In a tale of corruption, assassination, thievery, and magic, Wendy Deere must navigate rotting mansions that lead to distant pasts, evil tycoons, corrupt government officials, lethal curses, and her own moral qualms in order to make it out of this chase alive.
...at once smothering with grim nastiness and a breath of fresh air in the broader series, which is approaching an ultimate end soon ... while it might sound challenging to leap from our usual cast to a group of fresh faces, the structure of Dead Lies Dreaming makes the leap simple. It’s a heist novel, so by nature, it is contained and delimited within a set of time-restricted events. That’s also part of why it does, as I said, feel like a necessary and entertaining breather from the overarching plot of the series. The introduction of a crew of lovable thieves and their loathsome adversaries, plus all the crosses and double-crosses and scheming, vaults over the barrier of “getting to know a whole new cast” by hooking the reader onto a plot with a breakneck pace, excessively high stakes, and the general inherent fun of heists.

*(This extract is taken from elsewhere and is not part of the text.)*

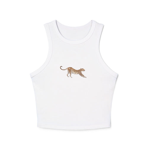 Leopard Print Racer Tank Top — Women’s Micro Rib Cropped Tank

Horror can offer something beyond carnival-ride frights or Grand Guignol gorefests, and those echoes of the disturbing in ordinary life are what I’ve come to see in Stross’s work.... an eldritch nightmare of busy monsters doing their monstrous business, into which have leaked some of our more mundane bad dreams – which, I suppose, is better than having it the other way around.
This is like a gonzo riff on Robert A. Heinlein’s Magic, Inc., enhanced by imaginative set pieces and plentiful references to classic SFF. Bullets and jokes fly in equal measure, and even if they don’t all find their mark, Stross still hits the bull’s-eye with this fresh take on the caper genre.